Partial login to admin console without password

I’m seeing something strange (possible bug), and was wondering if anyone else can replicate or knows how to fix this. This happens on my dev server (Linux) and production server (Solaris), and with both Firefox and IE. Using Openfire 3.6.4, using Clearspace Integration with Jive SBS 4.5.3.

The problem is when I try to log in to the Openfire Admin Console. If I use the correct username of an admin user, but an incorrect password, the following happens:

  1. 1st login attempt, I get the following error message and am returned to the login page: “Clearspace unreachable: make sure Clearspace is up and running or click the login button again to change Openfire configuration.”

  2. I leave the same username, can change the password as long as I’m still using an incorrect password, and the login appears to succeed. However it brings me to the clearspace integration/connection settings page with an error message “Openfire is not able to connect to that URI. Use the test button for more information.” The URI and shared secret fields are filled in, although the latter is labeled “Shared Secret null” and the text is not visible since it’s a password field.

  3. Optional: Without changing any of the settings, I click “Test Settings”, and the site shows me the message that says it works, and I should click continue.

  4. I click “Save & Continue”. I am brought back to the login page.
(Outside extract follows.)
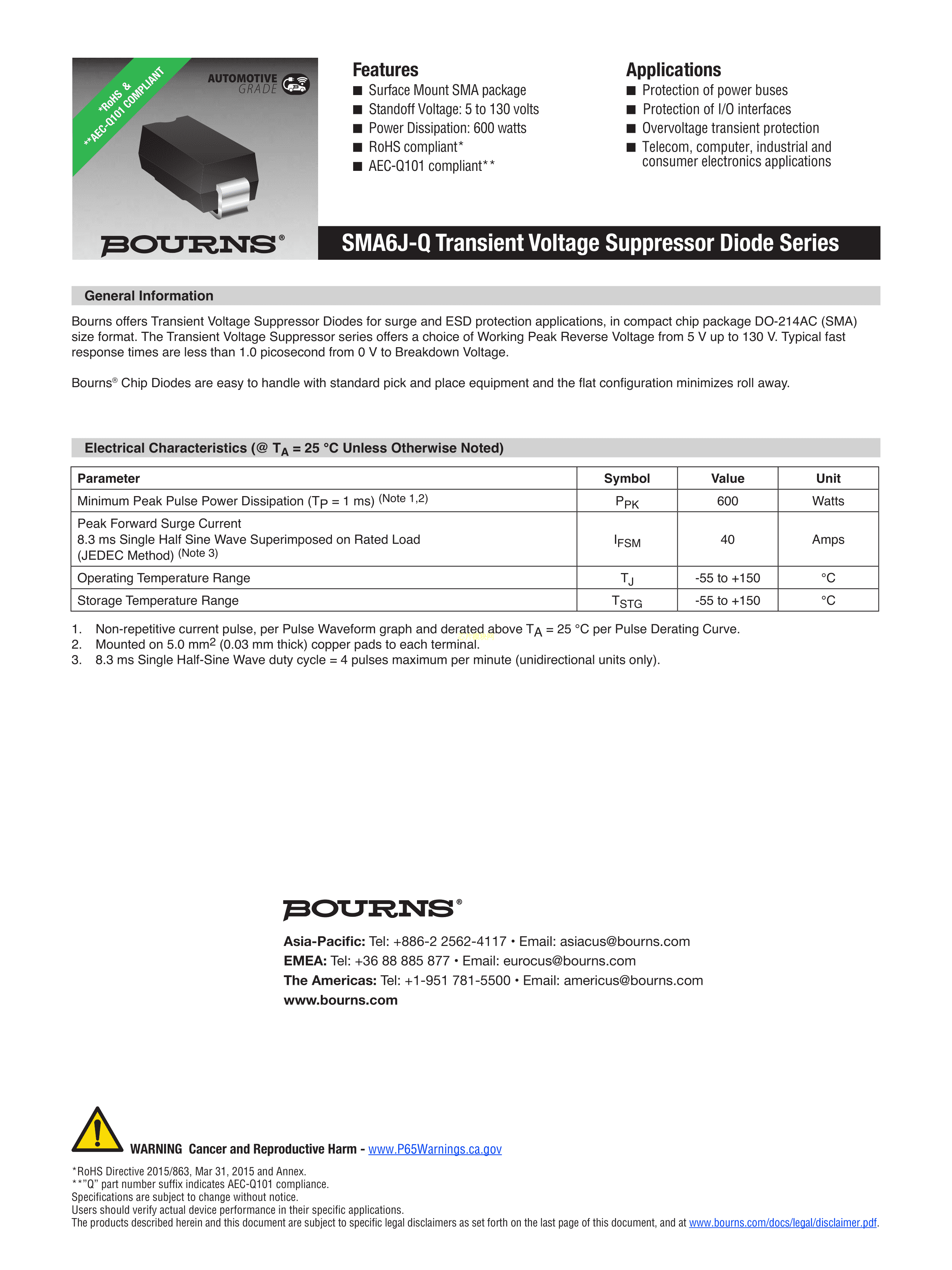 SMA6J14A-Q数据手册SMA(DO-214AC)封装BOURNSPDF规格书,中英文下载
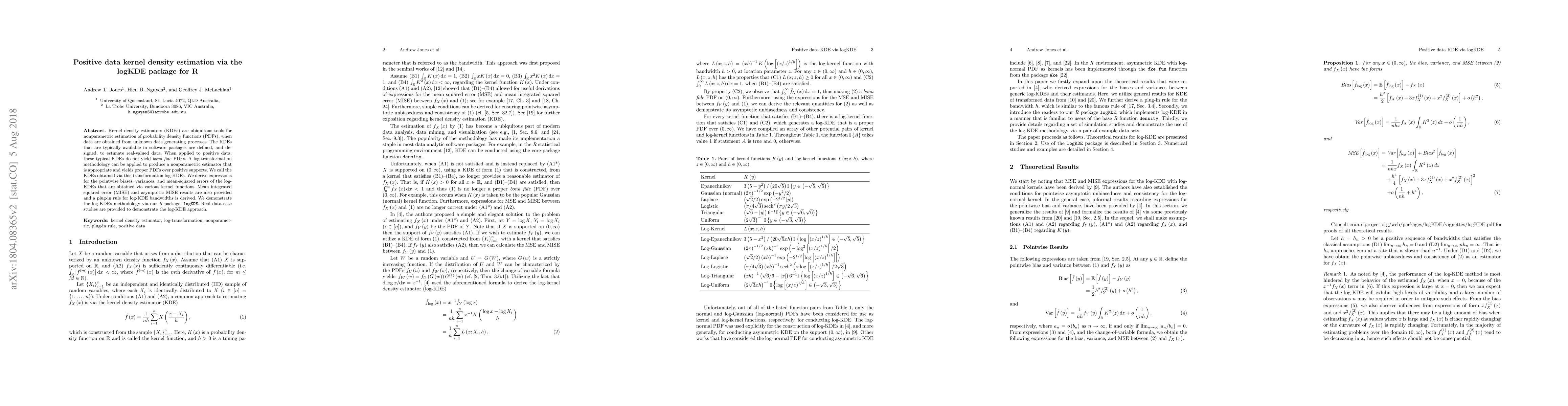 This paper introduces log-KDEs, a method for kernel density estimation suitable for positive data, using a log-transformation to ensure proper probability density functions. The authors provide theoretical analysis and an R package, logKDE, to implement this approach, demonstrating its effectiveness through real data case studies.

If I changed the settings on the previous page, they don’t appear to stick.

I can repeat these steps over and over if I want to.

Probably not too harmful, but it makes me very uncomfortable security-wise.

Maybe you should report this to Jive SBS team? Personally i dont use SBS, so i can’t test this and i haven’t seen partial login with just Openfire.

I have reported it to them too. I wasn’t sure if this was an SBS issue or an Openfire issue. Thanks for trying it out even though it was just with Openfire.

The SBS team’s answer is that this is not a problem because the user is not actually logged in, so they can’t get to any other functionality or change any settings.